──────── Records for this task ────────

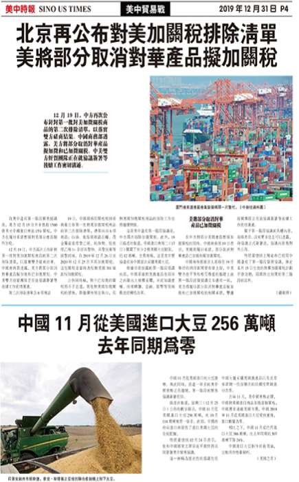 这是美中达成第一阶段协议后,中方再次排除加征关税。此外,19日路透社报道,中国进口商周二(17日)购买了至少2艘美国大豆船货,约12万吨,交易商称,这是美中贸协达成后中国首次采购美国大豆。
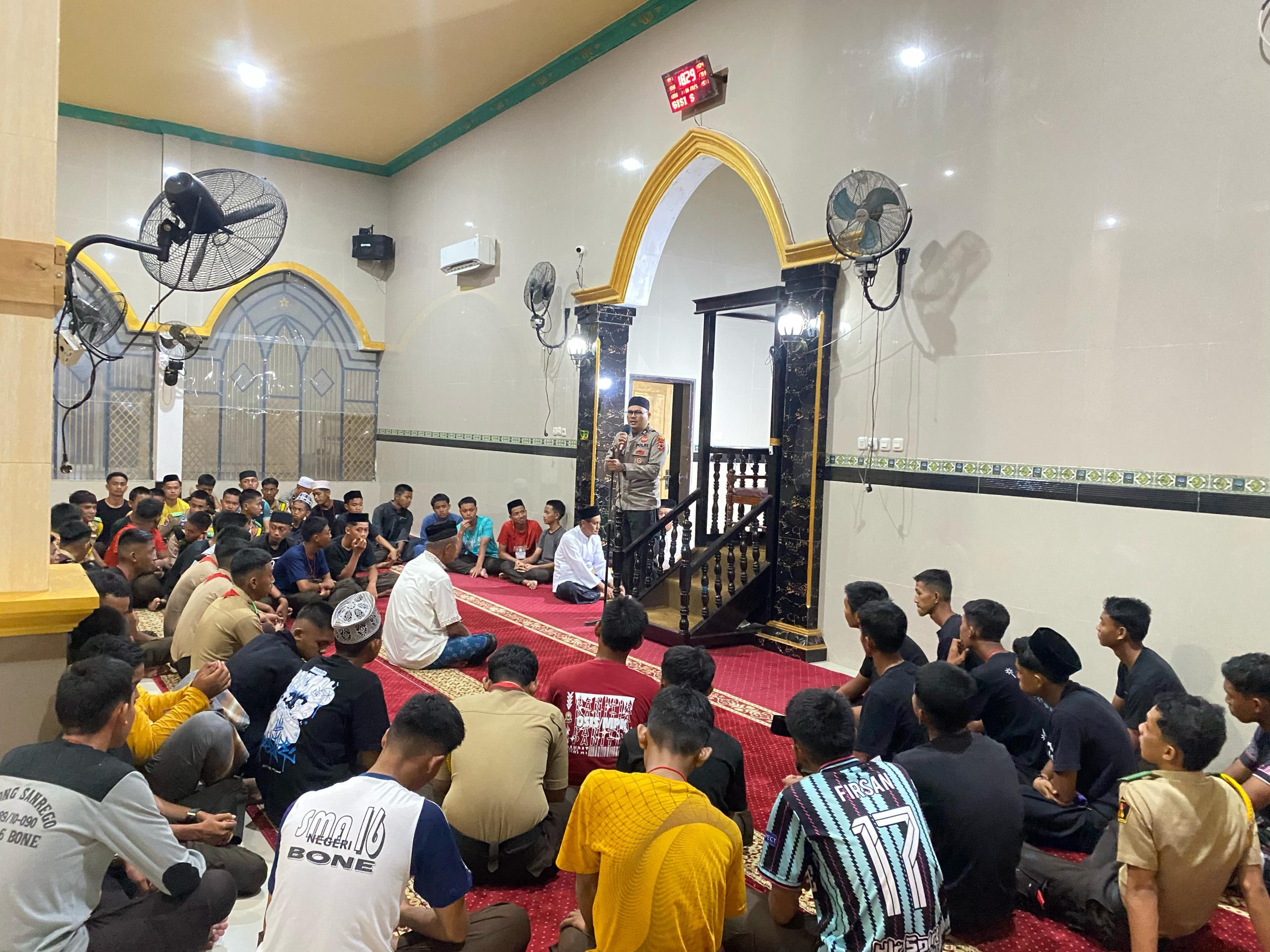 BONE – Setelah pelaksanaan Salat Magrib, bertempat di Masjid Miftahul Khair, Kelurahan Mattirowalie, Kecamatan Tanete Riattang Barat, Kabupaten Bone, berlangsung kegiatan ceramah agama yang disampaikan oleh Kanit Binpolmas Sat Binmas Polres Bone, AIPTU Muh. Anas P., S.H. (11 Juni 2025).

────────
──────── Records for this task ────────

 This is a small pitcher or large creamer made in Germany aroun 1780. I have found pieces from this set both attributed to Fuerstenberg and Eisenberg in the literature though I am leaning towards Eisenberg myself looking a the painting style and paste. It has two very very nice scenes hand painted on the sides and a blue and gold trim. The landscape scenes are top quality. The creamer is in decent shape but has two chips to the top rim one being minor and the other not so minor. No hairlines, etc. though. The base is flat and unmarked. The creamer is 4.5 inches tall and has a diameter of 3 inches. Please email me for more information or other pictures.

────────
──────── Records for this task ────────

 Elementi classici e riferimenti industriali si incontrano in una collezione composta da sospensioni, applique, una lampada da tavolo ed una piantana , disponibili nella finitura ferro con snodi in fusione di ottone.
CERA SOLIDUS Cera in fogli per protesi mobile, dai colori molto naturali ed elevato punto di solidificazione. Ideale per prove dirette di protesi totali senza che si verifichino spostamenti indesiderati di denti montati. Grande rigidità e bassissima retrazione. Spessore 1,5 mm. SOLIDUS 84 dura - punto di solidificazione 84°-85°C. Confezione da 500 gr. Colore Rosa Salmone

────────

◆ Exercise goal ◆
Transcribe exactly the lines above, beginning at the one with "这是美中达成第一阶段协议后,中方再次排除" and going up to and including the one with "BONE – Setelah". Pictures do not belong in the copy.

◆ Answer to the exercise ◆
 这是美中达成第一阶段协议后,中方再次排除加征关税。此外,19日路透社报道,中国进口商周二(17日)购买了至少2艘美国大豆船货,约12万吨,交易商称,这是美中贸协达成后中国首次采购美国大豆。
 BONE – Setelah pelaksanaan Salat Magrib, bertempat di Masjid Miftahul Khair, Kelurahan Mattirowalie, Kecamatan Tanete Riattang Barat, Kabupaten Bone, berlangsung kegiatan ceramah agama yang disampaikan oleh Kanit Binpolmas Sat Binmas Polres Bone, AIPTU Muh. Anas P., S.H. (11 Juni 2025).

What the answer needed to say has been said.